Task item: Among the entries below, which lines run from the line with "Пульсации без нагрузки" through the line with "1学期、いろいろお世話になっ"? Retype those, both ends included, exactly and without pictures.

Collected data:
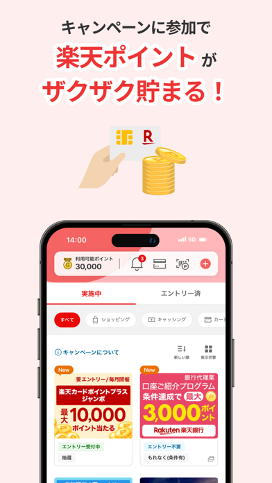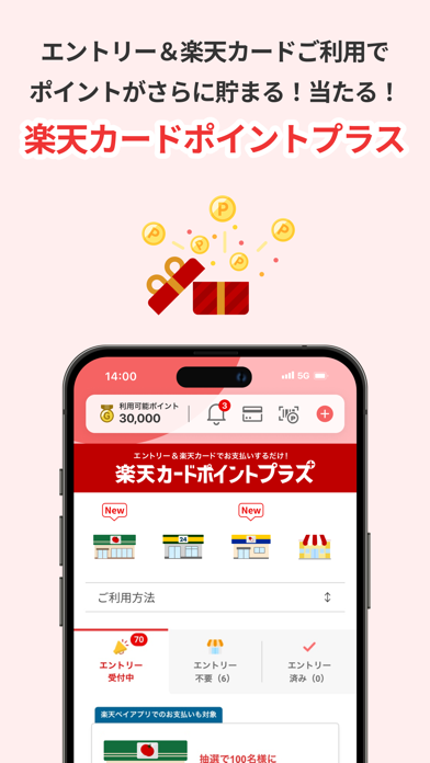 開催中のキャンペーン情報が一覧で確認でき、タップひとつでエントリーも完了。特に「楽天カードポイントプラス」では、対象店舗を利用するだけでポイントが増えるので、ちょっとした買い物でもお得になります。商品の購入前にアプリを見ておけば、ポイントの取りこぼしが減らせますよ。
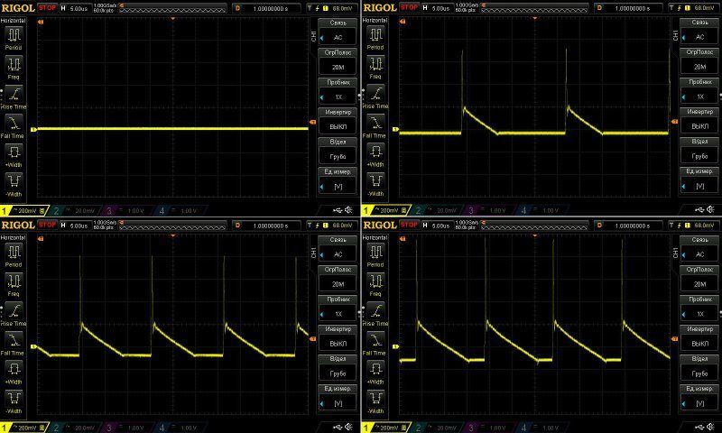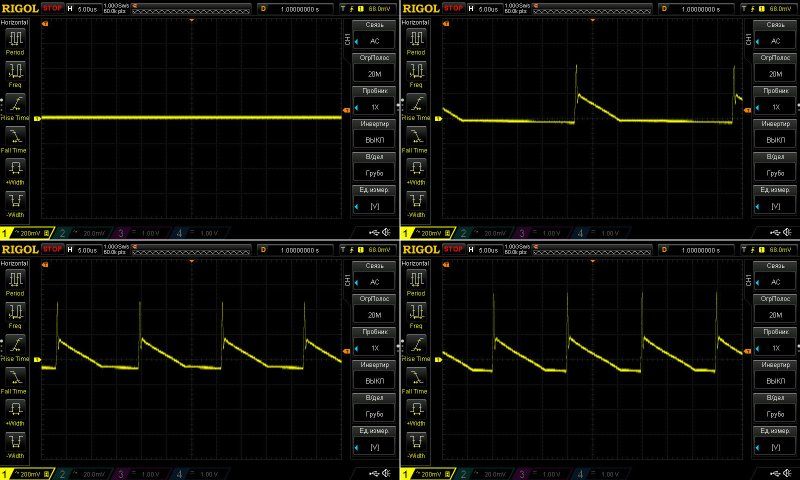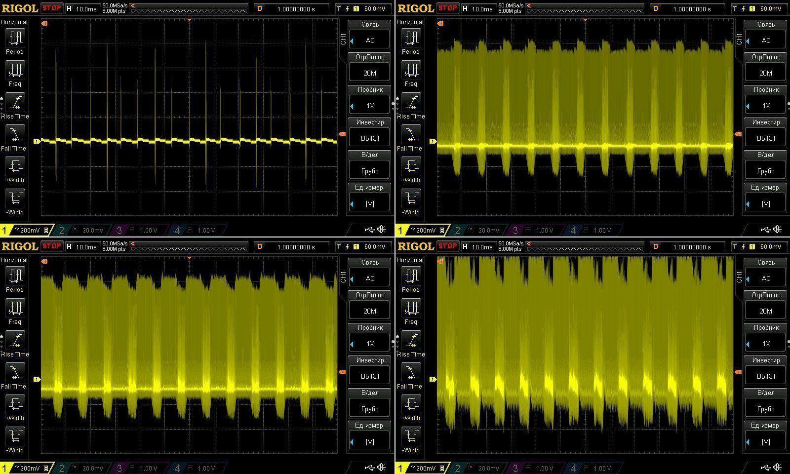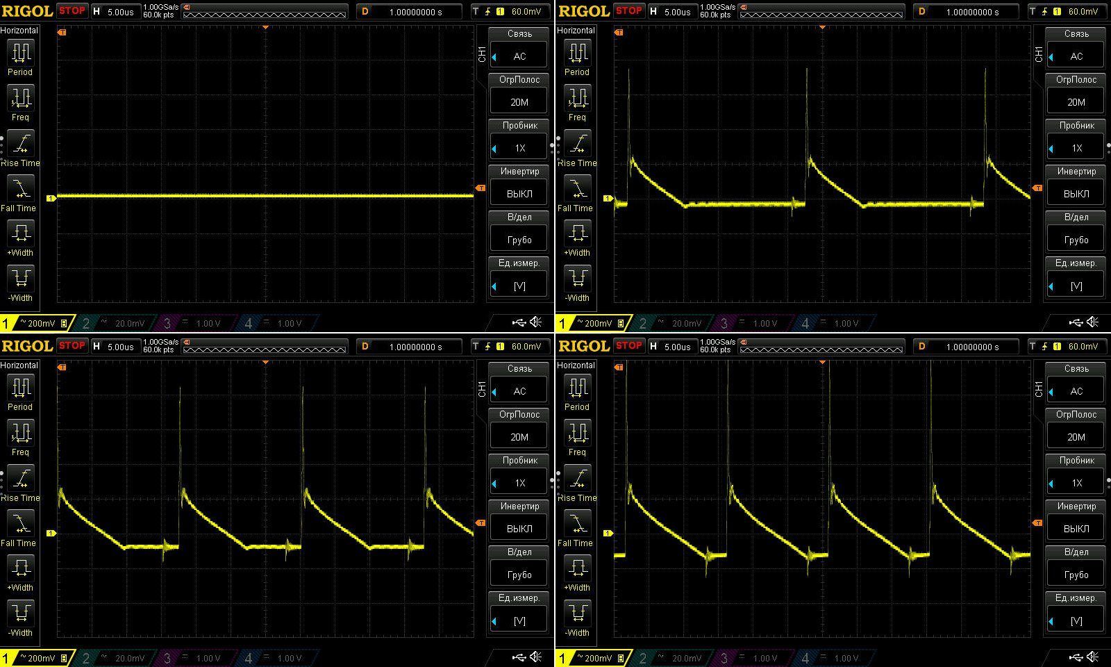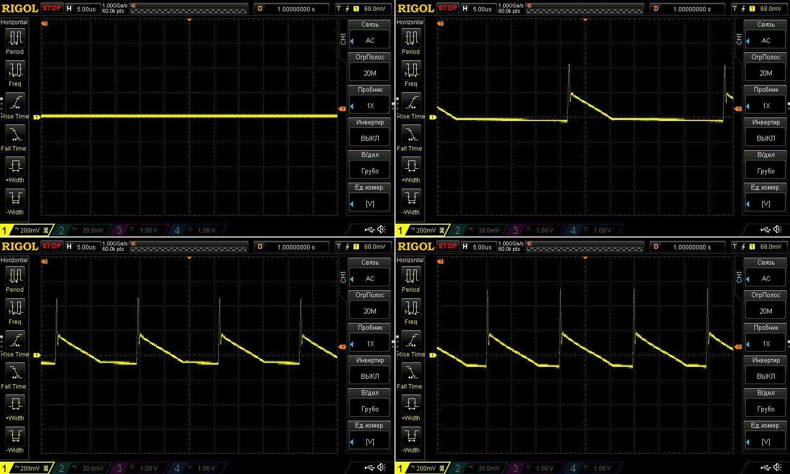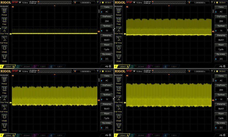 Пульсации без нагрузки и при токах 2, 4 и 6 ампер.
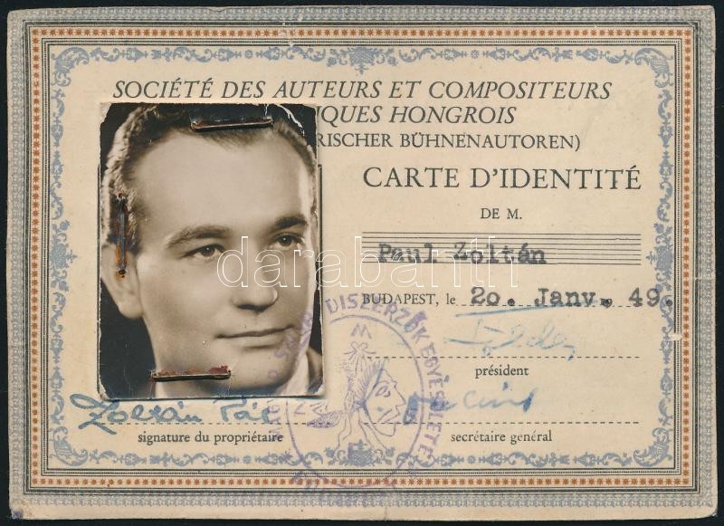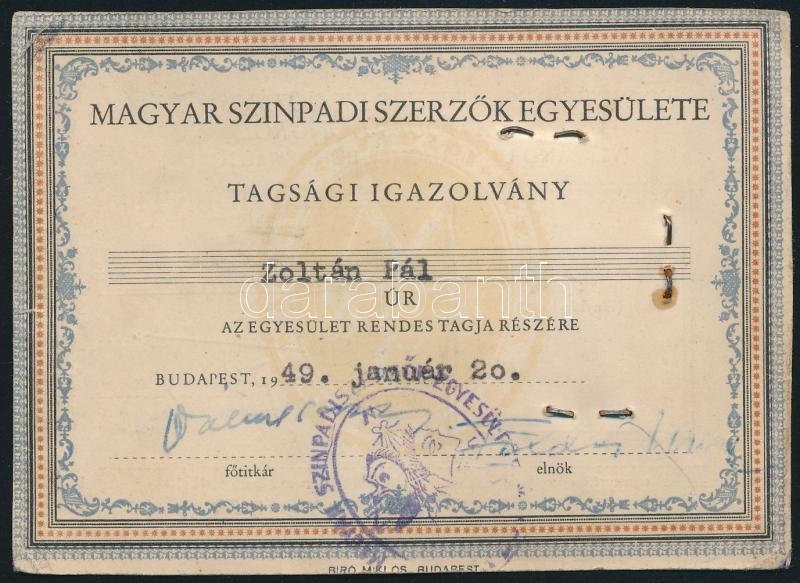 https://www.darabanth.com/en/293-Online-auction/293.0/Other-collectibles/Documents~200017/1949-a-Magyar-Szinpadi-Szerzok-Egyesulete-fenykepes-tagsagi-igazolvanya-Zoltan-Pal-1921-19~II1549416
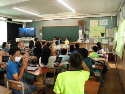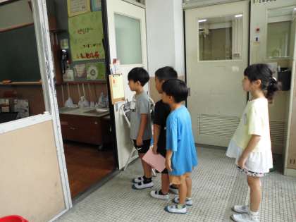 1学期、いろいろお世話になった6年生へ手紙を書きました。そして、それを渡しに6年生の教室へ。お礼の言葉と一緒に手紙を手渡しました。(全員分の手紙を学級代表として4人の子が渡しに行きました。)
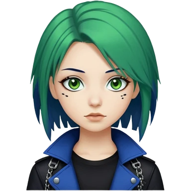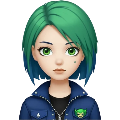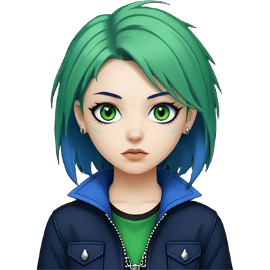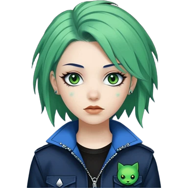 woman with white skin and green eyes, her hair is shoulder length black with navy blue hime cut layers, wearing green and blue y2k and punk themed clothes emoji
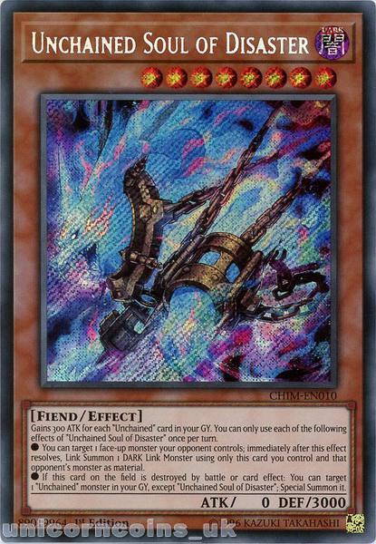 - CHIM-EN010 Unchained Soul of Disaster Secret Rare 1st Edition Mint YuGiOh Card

Written response:
 Пульсации без нагрузки и при токах 2, 4 и 6 ампер.
 https://www.darabanth.com/en/293-Online-auction/293.0/Other-collectibles/Documents~200017/1949-a-Magyar-Szinpadi-Szerzok-Egyesulete-fenykepes-tagsagi-igazolvanya-Zoltan-Pal-1921-19~II1549416
 1学期、いろいろお世話になった6年生へ手紙を書きました。そして、それを渡しに6年生の教室へ。お礼の言葉と一緒に手紙を手渡しました。(全員分の手紙を学級代表として4人の子が渡しに行きました。)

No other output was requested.